• About this exercise:
Quote word for word the lines below, beginning with the first and ending with the one that has "Crafted from certified wood, this". Drop the pictures.

• Records for this exercise:
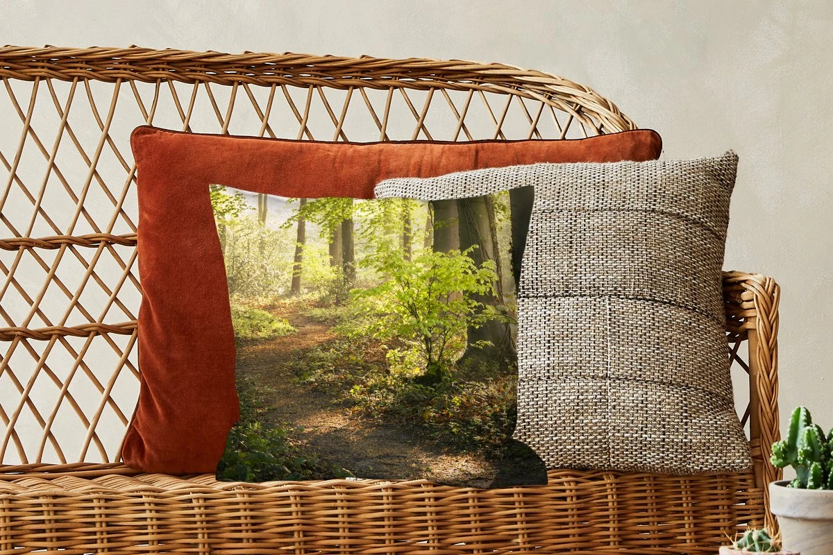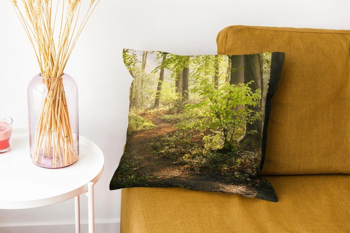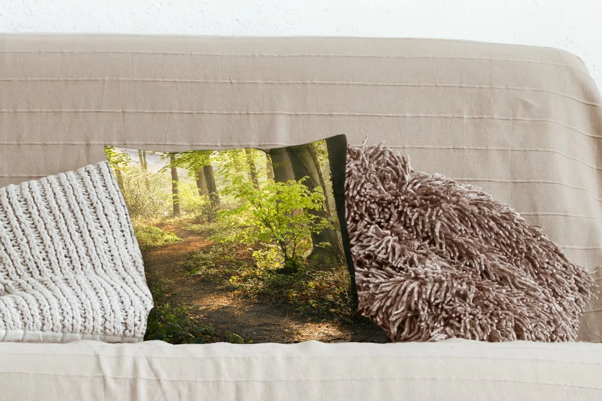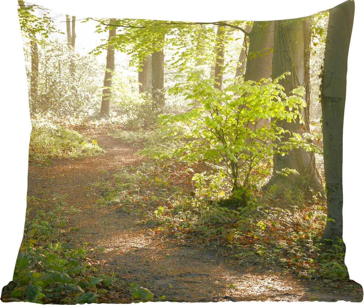Sierkussen – Bos – Bomen – Pad – Zon – Planten – Bladeren – Natuur – Kussens woonkamer
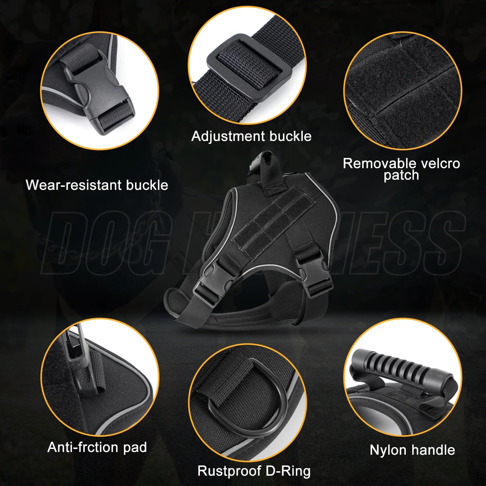 Equip your large dog with this professional-grade tactical harness, designed for training, outdoor adventures, and working dog applications.
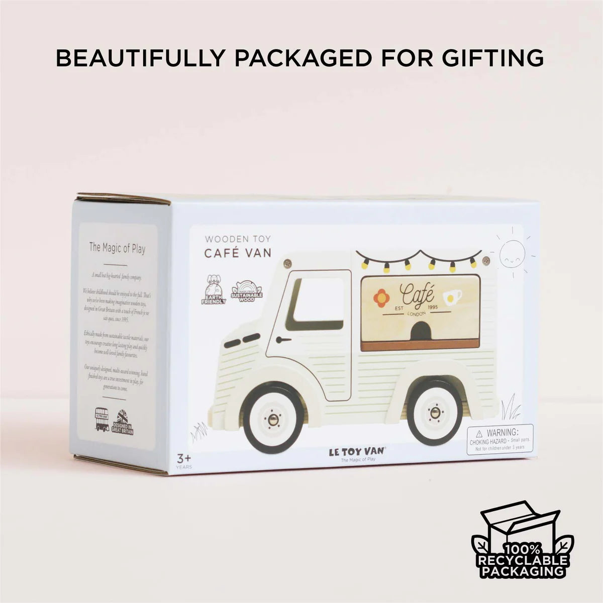 Crafted from certified wood, this vintage-style Café Van is painted in a delightful pistachio green and white and features intricate artwork on all sides. The flip-opening roof reveals a coffee and tea menu display board, while the front-opening service hatch allows little baristas to serve their customers with ease.
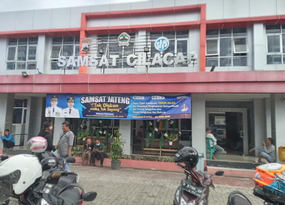 Cilacap, mustikatimes.online- Kantor Sistem Administrasi Manunggal Satu Atap ( Samsat ) Kabupaten Cilacap dipenuhi masyarakat lokal wajib pajak yang ingin memanfaatkkan Program Pemutihan Pajak. ( 24 / 4 / 2025 )
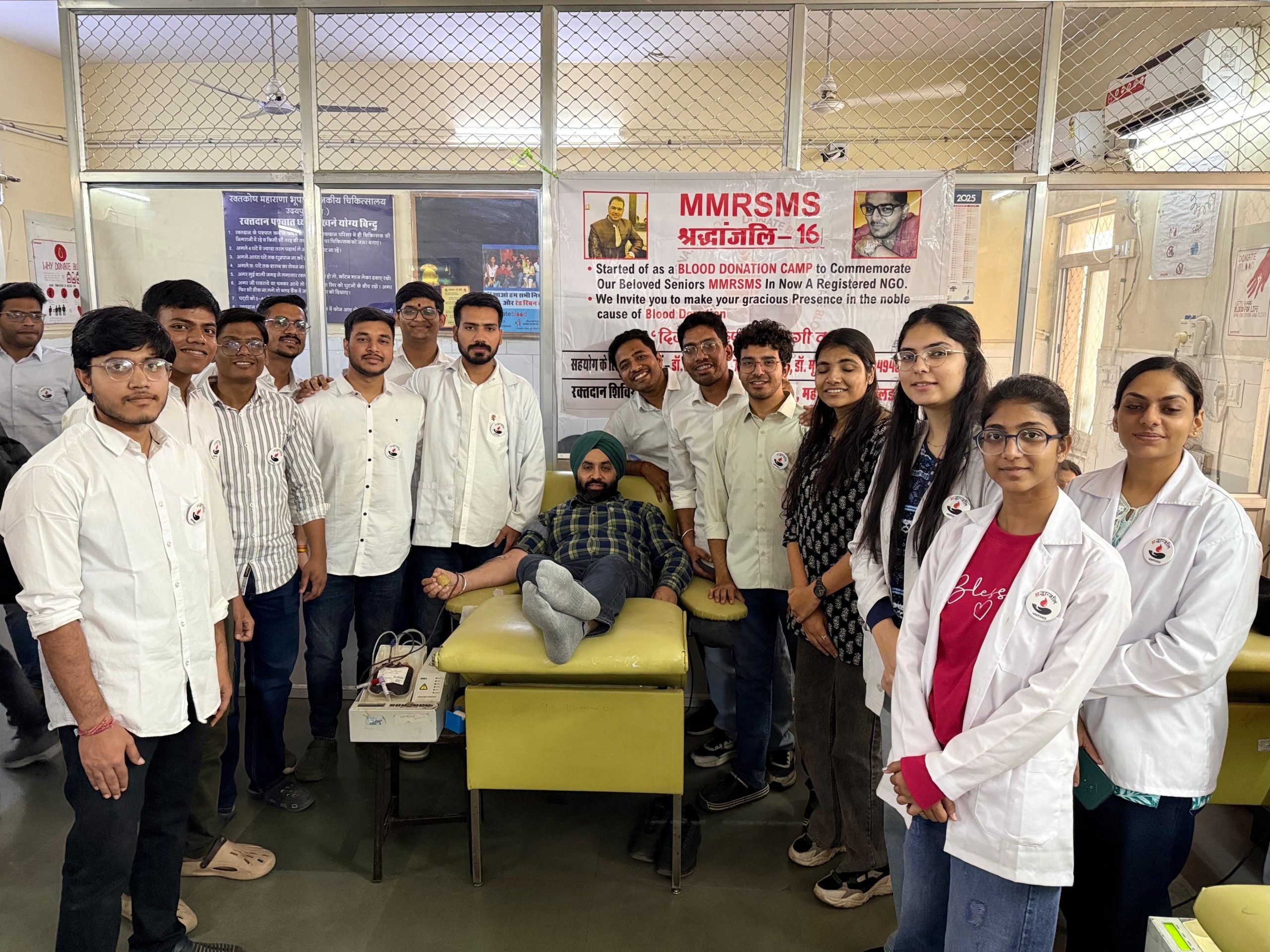 24 News Update उदयपुर। डॉ. मोज मालव एवं डॉ. राम शर्मा मेमोरियल सोसाइटी (MMRSMS) द्वारा 3 दिसंबर, 2025 को महाराणा भूपाल अस्पताल के ब्लड बैंक में आयोजित श्रद्धांजलि कैम्प XVI में युवा डॉक्टरों ने बढ़-चढ़कर भाग लिया और कुल 129 यूनिट रक्तदान कर जरूरतमंदों के लिए जीवनदान सुनिश्चित किया।इस ब्लड डोनेशन कैम्प में डॉक्टरों ने न केवल रक्तदान किया, बल्कि सामाजिक उत्तरदायित्व का उत्कृष्ट उदाहरण प्रस्तुत किया। सोसाइटी ने इस अवसर पर उपस्थित नागरिकों और डॉक्टरों से अपील की कि वे रक्तदान जैसी मानवता सेवा गतिविधियों में बढ़-चढ़कर भाग लें। आयोजन समिति और रक्तदाता डॉक्टर:डॉ. प्रशांत शर्मा, डॉ. जयंत नगर, डॉ. दुष्यंत तिवारी, डॉ. सचिन देव राठौड़, डॉ. आकाश चौहान, डॉ. क्षितिज शर्मा, इस कार्यक्रम में सभी डॉक्टरों ने पूरे उत्साह और जोश के साथ भाग लेकर यह संदेश दिया कि मानवता की सेवा हर व्यक्ति की जिम्मेदारी है। ब्लड डोनेशन कैम्प ने यह स्पष्ट कर दिया कि युवा डॉक्टरों और समाजसेवी नागरिकों के प्रयास से जरूरतमंदों के जीवन में वास्तविक परिवर्तन लाया जा सकता है। Share this: Share on X (Opens in new window) X Share on Facebook (Opens in new window) Facebook More Email a link to a friend (Opens in new window) Email Share on WhatsApp (Opens in new window) WhatsApp Like this:Like Loading... Related Discover more from 24 News Update Subscribe to get the latest posts sent to your email. Type your email… Subscribe Post navigation माली कॉलोनी से सबसिटी सेंटर तक बोटलनेक हटाया, नेहरू हॉस्टल के पास संपर्क सड़क का काम शुरू आबकारी विभाग की समीक्षा बैठक में आयुक्त ने दिए लक्ष्यों की पूर्णता के निर्देश

• Written answer:
Sierkussen – Bos – Bomen – Pad – Zon – Planten – Bladeren – Natuur – Kussens woonkamer
 Equip your large dog with this professional-grade tactical harness, designed for training, outdoor adventures, and working dog applications.
 Crafted from certified wood, this vintage-style Café Van is painted in a delightful pistachio green and white and features intricate artwork on all sides. The flip-opening roof reveals a coffee and tea menu display board, while the front-opening service hatch allows little baristas to serve their customers with ease.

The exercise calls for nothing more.